Fortunately only the first verse of God Save The Queen gets sung at Olympics medal ceremonies - no mention of those "Rebellious Scots to crush" buried away later in the lyrics. Even so, it put Murray in a fairly onerous position - don't sing along and he's unpatriotic and dour, mouth along the words and people call him a traitor. The poor guy couldn't win either way.
Let's leave aside the fact the Queen would still be reigning over Murray and all other Scots in the event of independence, though. The more interesting debate is about how over the past week unionist politicians and commentators, Labour and Tory alike, have claimed that the astonishing performance of Team GB says something about the importance of keeping the UK together.
Gordon Brown became the latest voice in a clamour of pro-union bluster on Monday, when he told an audience in Edinburgh: "When we pull and share resources for the common good, it's often the case that the benefit is far greater than would have occurred if we had just summed up and added up the parts."
He added: "The Olympics is pretty clear to us that by the pooling of resources in, say, cycling we managed to do what if you just divided the money and put a tenth to Scotland and a tenth to Yorkshire and so on you could not have achieved the same results."
In two year’s time precisely the opposite arguments will be made when Glasgow hosts the Commonwealth Games. As always, Scotland will be fielding its own separate team and if the performance of Scottish athletes at London 2012 is anything to go by, they can expect to improve on their performance in the Delhi games of 2010. The SNP is at pains to point out that Scottish athletes were responsible for nearly a third of Team GB's medals haul over the past fortnight.
Some say that politicians shouldn't use sport to score political points. But it's hard for them not to, when the evidence shows sporting events can and do affect how people think about politics, including Scottish independence. Since the late 1970s, support for independence has hovered around the 30-35% mark, but in 1998 there was a brief and sudden surge, as this graph produced by IPSOS Mori Scotland clearly shows.
Is it a co-incidence that this was the last time Scotland was in the World Cup, almost holding their own against then world champions, Brazil? Or is it because it was the year of the successful devolution referendum? Of course, it's likely to be a bit of both, but what's interesting is that by the time the Scottish Parliament opened in 1999, support for independence was back down to its long-term average. It suggests something other than pure politics accounted for the surge.
Although a minor poll has been published in the wake of the Olympics, the next set of respected, series polls on Scottish independence will be published next month, and they'll be watched closely. The last two polls have shown a fairly big drop in support for separation. Talk of Alex Salmond botching the launch of the No campaign in May is almost certainly overblown, pollsters mostly attribute the drop to the Diamond Jubilee and the Olympics.

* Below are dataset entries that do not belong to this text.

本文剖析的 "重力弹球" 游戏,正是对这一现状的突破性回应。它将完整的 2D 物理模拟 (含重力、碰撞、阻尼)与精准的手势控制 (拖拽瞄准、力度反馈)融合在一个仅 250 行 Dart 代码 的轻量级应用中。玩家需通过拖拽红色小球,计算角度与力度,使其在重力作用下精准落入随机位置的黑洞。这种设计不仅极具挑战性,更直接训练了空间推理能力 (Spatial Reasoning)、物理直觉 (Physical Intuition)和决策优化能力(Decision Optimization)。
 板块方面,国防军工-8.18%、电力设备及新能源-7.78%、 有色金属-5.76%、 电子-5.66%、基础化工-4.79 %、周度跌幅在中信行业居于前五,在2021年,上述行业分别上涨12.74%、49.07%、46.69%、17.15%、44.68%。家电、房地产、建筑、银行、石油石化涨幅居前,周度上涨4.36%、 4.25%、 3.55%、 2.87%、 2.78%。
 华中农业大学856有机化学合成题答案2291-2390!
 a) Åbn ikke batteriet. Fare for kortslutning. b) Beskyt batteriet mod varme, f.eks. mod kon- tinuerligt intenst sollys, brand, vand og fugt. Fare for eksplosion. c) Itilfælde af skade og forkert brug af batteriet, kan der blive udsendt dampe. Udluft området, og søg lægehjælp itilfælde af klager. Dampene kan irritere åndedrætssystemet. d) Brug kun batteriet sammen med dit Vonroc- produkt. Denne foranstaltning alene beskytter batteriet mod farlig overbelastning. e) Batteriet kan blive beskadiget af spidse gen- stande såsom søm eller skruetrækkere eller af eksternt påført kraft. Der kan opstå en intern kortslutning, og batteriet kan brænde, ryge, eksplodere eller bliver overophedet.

For a long time cynics have accused the SNP of wanting to hold the independence referendum straight after the Glasgow Commonwealth Games to capitalise on a similar surge. Privately the SNP are rubbing their hands with glee that Sir Chris Hoy will no longer have to train in Manchester because Scotland will have its own world-class velodrome.
Pointing out that Team GB's success is down to shared facilities ignores the fact that Scotland is about to get spanking new ones - and that in two year's time they'll make even the marvel of the Queen Elizabeth Olympic Park in Stratford look just slightly out of date.

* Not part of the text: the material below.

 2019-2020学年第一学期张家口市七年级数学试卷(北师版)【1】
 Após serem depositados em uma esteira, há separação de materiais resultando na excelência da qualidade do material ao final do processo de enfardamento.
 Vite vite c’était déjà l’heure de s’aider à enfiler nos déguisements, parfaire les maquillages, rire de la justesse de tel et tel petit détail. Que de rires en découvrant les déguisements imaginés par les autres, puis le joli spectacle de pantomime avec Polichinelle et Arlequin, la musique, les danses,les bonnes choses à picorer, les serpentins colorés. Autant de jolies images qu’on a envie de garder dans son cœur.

Even if Team Scotland somehow does worse than expected in the 2014 Commonwealth Games, its prospects for holding a successful major sporting event seem assured, not least because it'll have learned the immediate lessons of London 2012. The fact the Ryder Cup returns to Gleneagles in the same year seems likely to further swell the sense of patriotism.

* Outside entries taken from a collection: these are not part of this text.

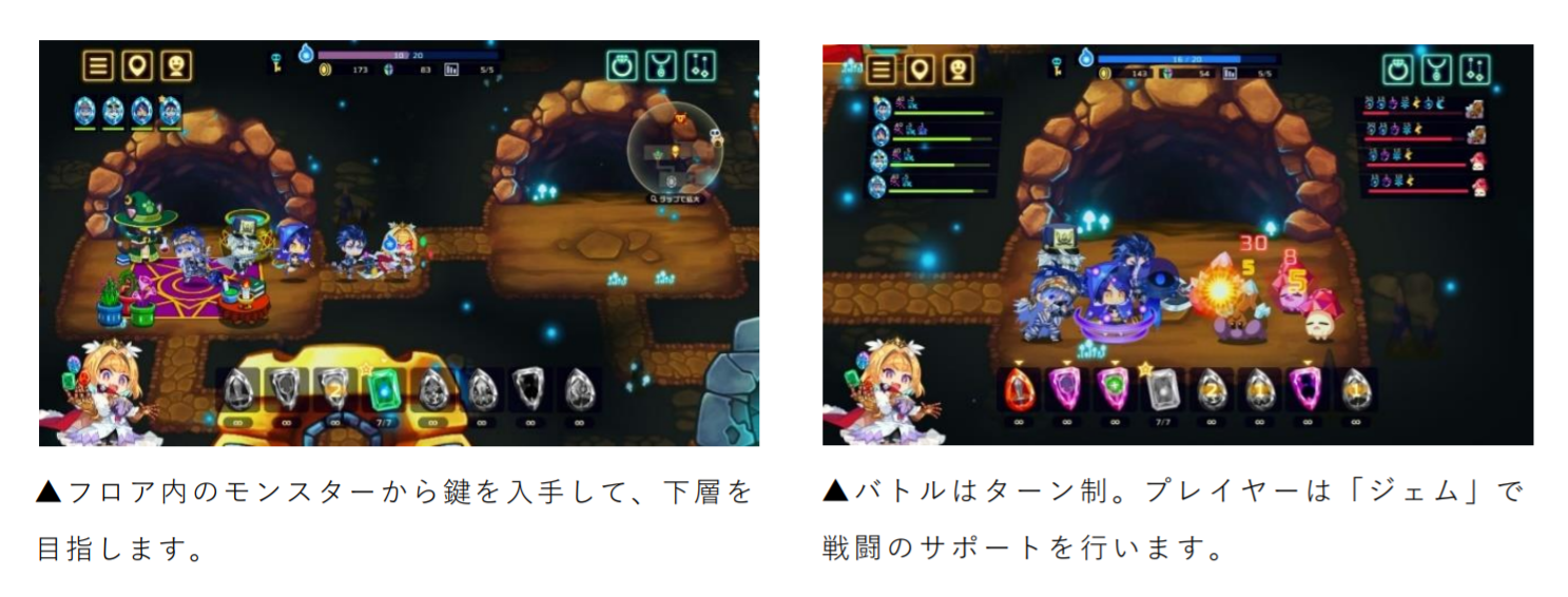 輝石姫アメリと仲間たちが立ち向かう、「宝石術」を駆使したダンジョンバトルをご覧ください。
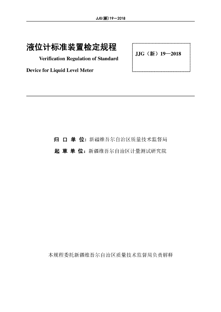 JJG(新)19-2018 液位计标准装置
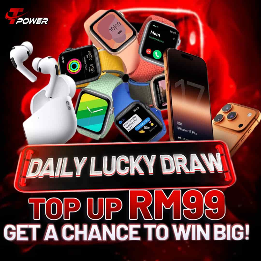 TPOWER PROMOTIONDeposit RM99 daily to participate in the lucky draw and stand a chance to win various APPLE prizes.
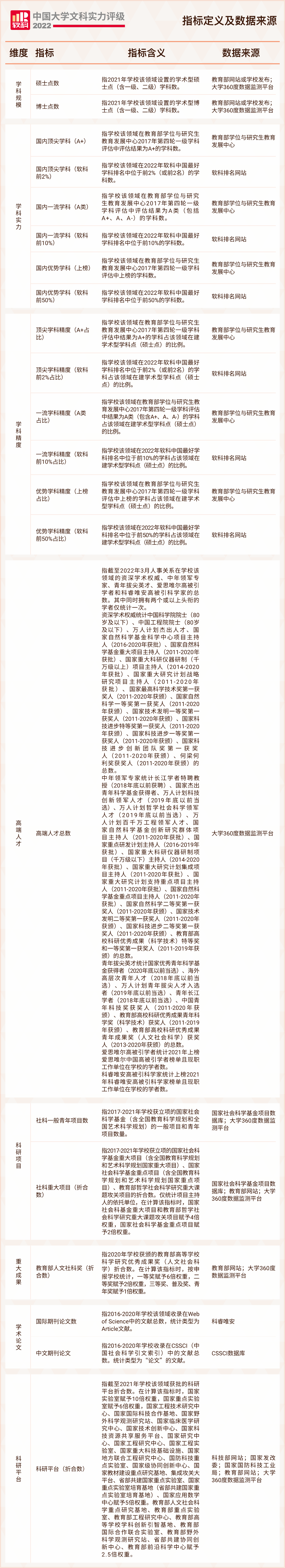 中国大学文科实力评级包含学科规模、学科实力、学科精度、高端人才、科研项目、重大成果、学术论文和科研平台8个维度。相比2020年,今年的文科实力排名新增高端人才和科研平台2个评价维度。

For the time being the SNP are understandably dismissing any link between Team GB and Scotland's political future as rubbish. Scotland's culture spokesman at Westminster, Pete Wishart, tells me: "People are thoroughly tired and annoyed with unionist politicians trying to politicise this event. It's starting to really appall the Scottish people and we'll start to see a reaction to it."
Let's see in two year's time whether the SNP make similar noises, once the running shoe is on the other foot, when people like Andy Murray will be singing "Flower of Scotland" at the Glasgow games, a song that in all likelihood will become the country's permanent national anthem under independence.
Pro-union politicians like Brown may come to rue the day they tried to turn Team GB into a political pawn, because it won't be long before nationalists have just as much ammo to fire back. The risk for unionists is that a challenge is set, one that any sporting Scot would dearly love to rise to. And if there's one thing that's been proven over the past fortnight, it's the intangible power of home advantage.